Postcopy live migration is currently implemented using a chardevice,
which remains open for the whole VM lifetime and all virtual memory
then becomes owned by the chardevice and it's not anonymous anymore.

http://lists.gnu.org/archive/html/qemu-devel/2012-10/msg05274.html

The main cons of the chardevice design is that all nice Linux MM
features (like swapping/THP/KSM/automatic-NUMA-balancing) are disabled
if the guest physical memory doesn't remain in anonymous memory. This
is entirely solved by this alternative kernel solution. In fact
remap_anon_pages will move THP pages natively by just updating two pmd
pointers if alignment and length permits without any THP split.

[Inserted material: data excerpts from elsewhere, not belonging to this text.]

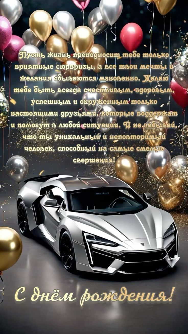 С днем рождения мужчине. Автомобиль, шарики и пожелания.
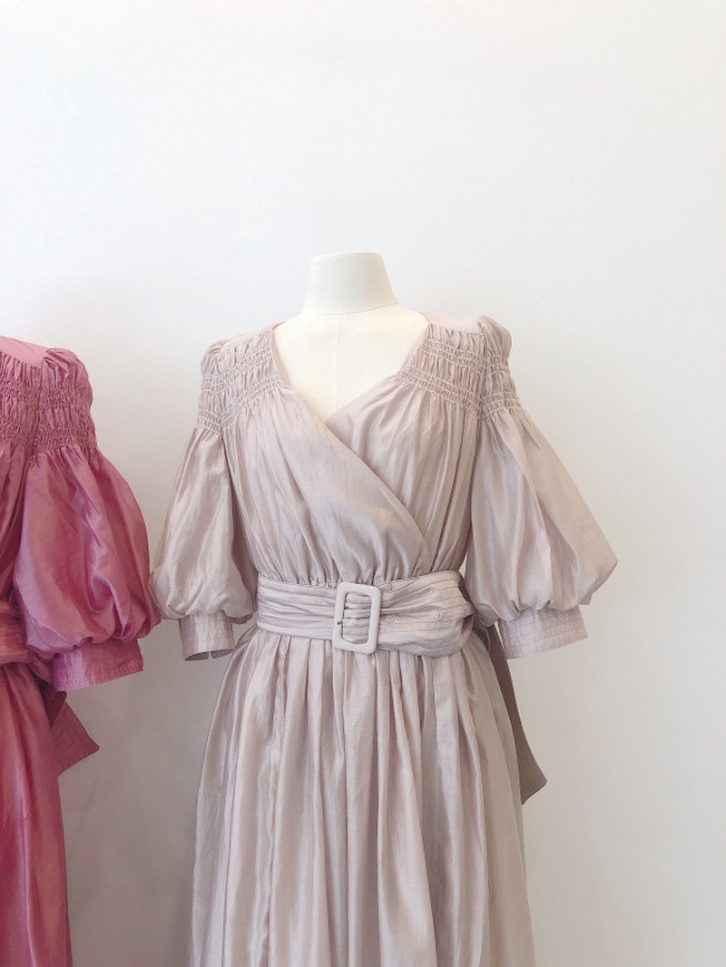 Kuzuwata V Neck Elastic Shoulder Lantern Sleeve Femme Robe Summer Vestidos Cross Slim Waist Pleated Solid Dresses with Belt
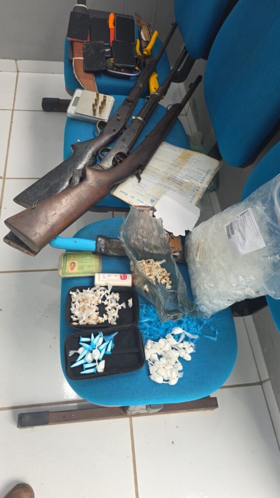 Durante a operação, foram apreendidas porções de crack, cocaína e maconha, além de armas de fabricação artesanal, munições, balança de precisão, dinheiro em espécie, celulares e materiais usados para embalar drogas.
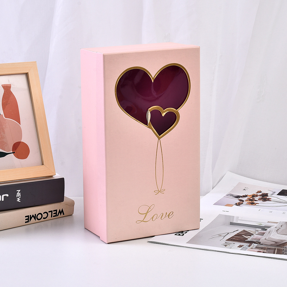 더블 러브 골든 투명 창 비누 꽃 꽃다발 선물 상자 발렌타인 데이 전자 상거래 뜨거운 선물 상자스토어 가기
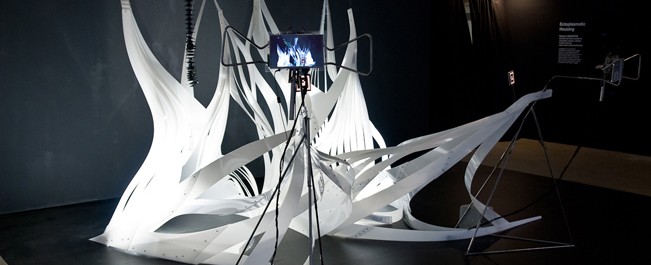 “Habitação Ectoplásmica” é uma especulação sobre como as casas podem mediar a predominância da era do “infocalipse”. Ela cultiva dados como elementos domésticos que crescem, florescem, morrem e assombram. A instalação é uma experiência arquitetônica de espaço físico e digital através do uso de design interativo e realidade aumentada. Ela opera como um meio que liga o público visitante a sua pegada invisível no espaço. Estendendo a construção física, uma camada de informação de realidade aumentada flutua no espaço e interage com os usuários. Através do uso de sensores, a presença das pessoas altera o espaço digital, gerando um loop de feedback entre o físico e o digital. Nesse cenário, a arquitetura é menos um abrigo histórico e depósito de lixo contemporâneo de interface social digital fantasmagórica do que um kit interface para sobrevivência na era do “infocalipse”.
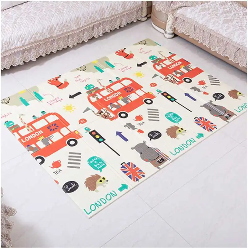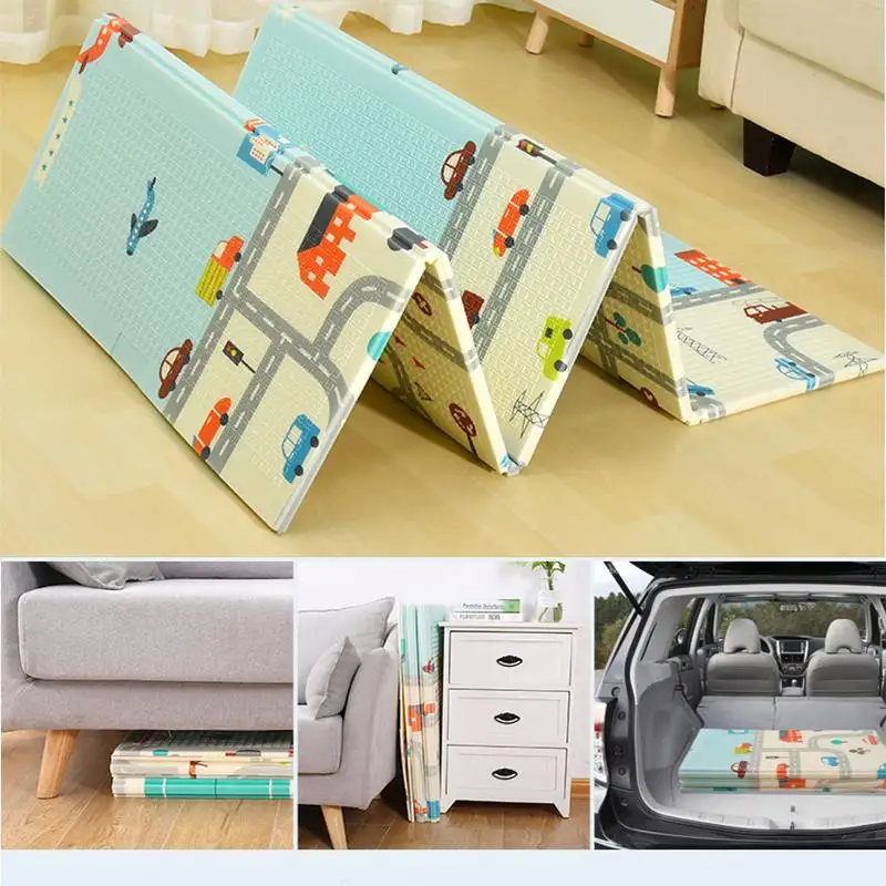 -Коврик очень легко складывается, компактный размер не занимает много места для хранения. Двусторонний дизайн с разными цветами и узорами удивит вас и принесет ребенку больше ощущения свежести, чтобы пробудить его любопытство.
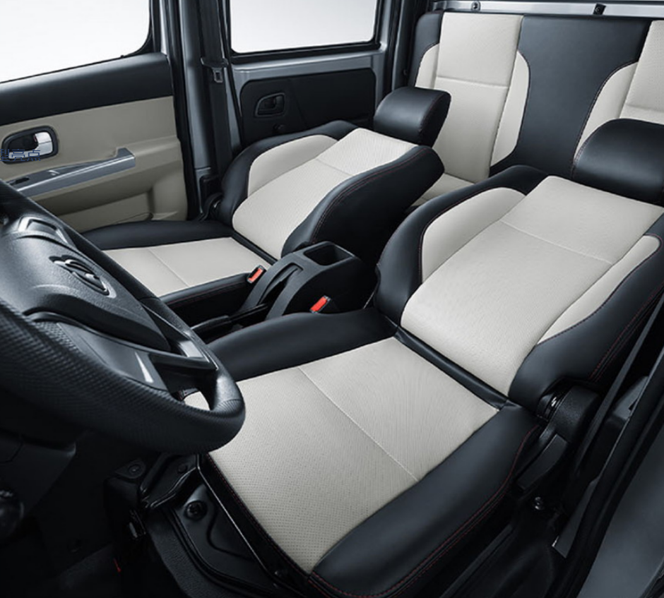 除了性能上的卓越表现,新长安星卡的外观设计也紧跟时代潮流。满天星造型的前格栅搭配时尚大灯和雾灯,展现出年轻时尚的气息。内饰设计同样考究,上深灰下米白的配色让中控台显得层次丰富,在座椅设计上,新长安星卡座椅有织物、仿皮两种材质,仿皮座椅采用黑色+米色拼色设计,主驾驶座椅可以前后滑动、调节靠背角度,满足个性化舒适度需求,双排前排座椅可放平,方便驾驶员休息,后排座椅可翻折,空间灵活更实用。

The other bonus is that MADV_USERFAULT and remap_anon_pages are
implemented in the MM core and remap_anon_pages furthermore provides a
functionality similar to what is already available for filebacked
pages with remap_file_pages. That is usually more maintainable than
having MM parts in a chardevice.

In addition to asking review of the internals, this also need review
the user APIs, as both those features are userland visible changes.

MADV_USERFAULT is only enabled for anonymous mappings so far but it
could be extended. To be strict, -EINVAL is returned if run on non
anonymous mappings (where it would currently be a noop).

The remap_anon_pages syscall API is not vectored, as I expect it used
for demand paging only (where there can be just one faulting range per
fault) or for large ranges where vectoring isn't going to provide
performance advantages.

The current behavior of remap_anon_pages is very strict to avoid any
chance of memory corruption going unnoticed, and it will return
-EFAULT at the first sign of something unexpected (like a page already
mapped in the destination pmd/pte, potentially signaling an userland
thread race condition with two threads userfaulting on the same
destination address). mremap is not strict like that: it would drop
the destination range silently and it would succeed in such a
condition. So on the API side, I wonder if I should add a flag to
remap_anon_pages to provide non-strict behavior more similar to
mremap. OTOH not providing the permissive mremap behavior may actually
be better to force userland to be strict and be sure it knows what it
is doing (otherwise it should use mremap in the first place?).

Comments welcome, thanks!
Andrea

Andrea Arcangeli (4):
mm: madvise MADV_USERFAULT
mm: rmap preparation for remap_anon_pages
mm: swp_entry_swapcount
mm: sys_remap_anon_pages

arch/alpha/include/uapi/asm/mman.h | 3 +
arch/mips/include/uapi/asm/mman.h | 3 +
arch/parisc/include/uapi/asm/mman.h | 3 +
arch/x86/syscalls/syscall_32.tbl | 1 +
arch/x86/syscalls/syscall_64.tbl | 1 +
arch/xtensa/include/uapi/asm/mman.h | 3 +
include/linux/huge_mm.h | 6 +
include/linux/mm.h | 1 +
include/linux/mm_types.h | 2 +-
include/linux/swap.h | 6 +
include/linux/syscalls.h | 3 +
include/uapi/asm-generic/mman-common.h | 3 +
kernel/sys_ni.c | 1 +
mm/fremap.c | 440 +++++++++++++++++++++++++++++++++
mm/huge_memory.c | 158 ++++++++++--
mm/madvise.c | 16 ++
mm/memory.c | 10 +
mm/rmap.c | 9 +
mm/swapfile.c | 13 +
19 files changed, 667 insertions(+), 15 deletions(-)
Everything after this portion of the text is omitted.